Android 4.4KitKat AudioRecord 流程分析
阿新 • • 發佈:2019-01-17
Android是架構分為三層:
- 底層 Linux Kernel
- 中間層 主要由C++實現 (Android 60%原始碼都是C++實現)
- 應用層 主要由JAVA開發的應用程式
應用程式執行過程大致如下: JAVA應用程式產生操作(播放音樂或停止),然後通過JNI呼叫進入中間層執行C++程式碼,中間層處理後可能需要硬體產生動作的,會繼續將操作傳到Linux Kernel,Kernel ,不需要硬體產生操作的可能在中間層做一些處理就直接返回。需要硬體產生操作的動作則需通過Kernel呼叫相關的驅動執行動作或一些處理。
在這裡大家需要明白一點:Android僅使用了Linux的Kernel ,即便是一些常用的庫例如pthread等,都是Android自已用C/C++/彙編重寫實現的。
因為在音訊通路建立過程中,涉及Android IPC通訊及系統服務管理,所以下面就這兩點先做個簡述:
①Android IPC通訊採用的是Client/Server結構,Client 客戶端 (AudioRecord)通過介面(IAudioRecord)呼叫Server 伺服器物件(AudioFlinger及AudioFlinger::RecordThread等)的方法,並獲取執行結果。AudioRecord.cpp 主要是對類AudioRecord的實現,AudioFlinger.cpp主要是對類AudioFlinger的實現。在底層音訊通訊中,可以將AudioRecord作為Android IPC通訊的客戶端,而將AudioFlinger作為伺服器端。AudioRecord獲取伺服器端介面(mAudioRecord)後就可以像執行自已的方法一樣呼叫伺服器端方法(AudioFlinger)。
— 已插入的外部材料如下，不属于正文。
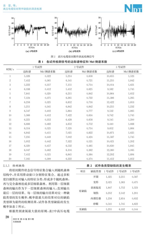 将铅封附件状态信号特征集合输入到随机森林 项目 缺陷类型 1号试件 2号试件 3号试件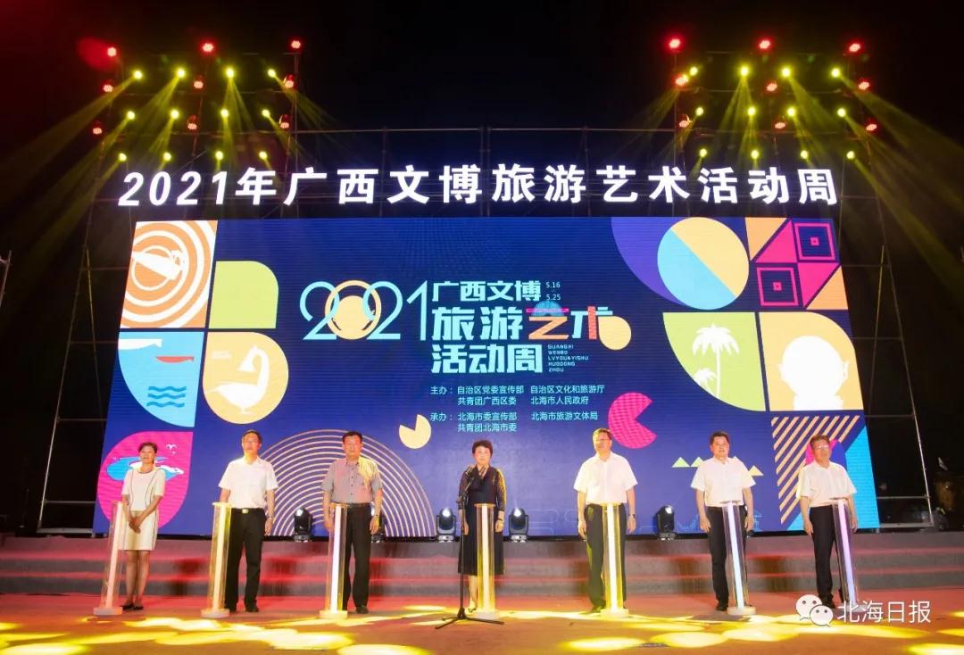 5月16日晚,由自治區(qū)黨委宣傳部、自治區(qū)文化和旅游廳、共青團(tuán)廣西區(qū)委、北海市人民政府共同主辦的2021年廣西文博旅游藝術(shù)活動(dòng)周在北海銀灘潮雕廣場(chǎng)拉開(kāi)序幕。自治區(qū)黨委常委、宣傳部部長(zhǎng)范曉莉出席并宣布活動(dòng)開(kāi)幕,自治區(qū)黨委宣傳部副部長(zhǎng)、自治區(qū)文化和旅游廳黨組書(shū)記、廳長(zhǎng)甘霖,共青團(tuán)廣西區(qū)委書(shū)記李楚,市委書(shū)記蔡錦軍,市委副書(shū)記、市長(zhǎng)廖立勇參加開(kāi)幕式。開(kāi)幕式上,范曉莉?yàn)椤敖鹋茖?dǎo)游說(shuō)廣西” 2021年廣西導(dǎo)游短視頻大賽一等獎(jiǎng)選手頒獎(jiǎng)。甘霖、李楚為“感黨恩 跟黨走—八桂青年游廣西”首發(fā)團(tuán)授旗,甘霖還為獲得“2020年國(guó)家一級(jí)博物館”榮譽(yù)稱號(hào)的單位授牌。蔡錦軍作致辭。廖立勇與自治區(qū)文化和旅游廳黨組副書(shū)記、副廳長(zhǎng)嚴(yán)霜為“2021年全區(qū)博物館講解大賽”獲獎(jiǎng)選手頒發(fā)證書(shū)。自治區(qū)文化和旅游廳黨組成員、副廳長(zhǎng)謝日萬(wàn),市委常委、宣傳部部長(zhǎng)劉伯賢為獲得“2020年國(guó)家二、三級(jí)博物館”榮譽(yù)稱號(hào)的單位授牌。廣西旅游協(xié)會(huì)執(zhí)行會(huì)長(zhǎng)龐文達(dá),同程集團(tuán)創(chuàng)始人、同程控股CEO吳劍為“金牌導(dǎo)游說(shuō)廣西”2021年廣西導(dǎo)游短視頻大賽二、三等獎(jiǎng)選手頒獎(jiǎng)。

②Android 啟動時會建立一個服務管理程序。Android系統中所有的服務都必需註冊新增到該程序中,可以通過sp<IServiceManager> sm=defaultServiceManager()獲取管理程序介面,然後可以通過它的AddService方法將服務註冊新增:sm->addService(String16("media.audio_flinger"), new AudioFlinger());只有將服務新增到管理程序中才能被其它的程序使用:
sp<IServiceManager> sm = defaultServiceManager();
sp
Android的音訊系統在啟動的時候會建立兩個服務:一個是上面的示例 AudioFlingerService,一個是AudioPolicyService,並新增到管理程序中,之後其它程序可以使用它們提供的方法。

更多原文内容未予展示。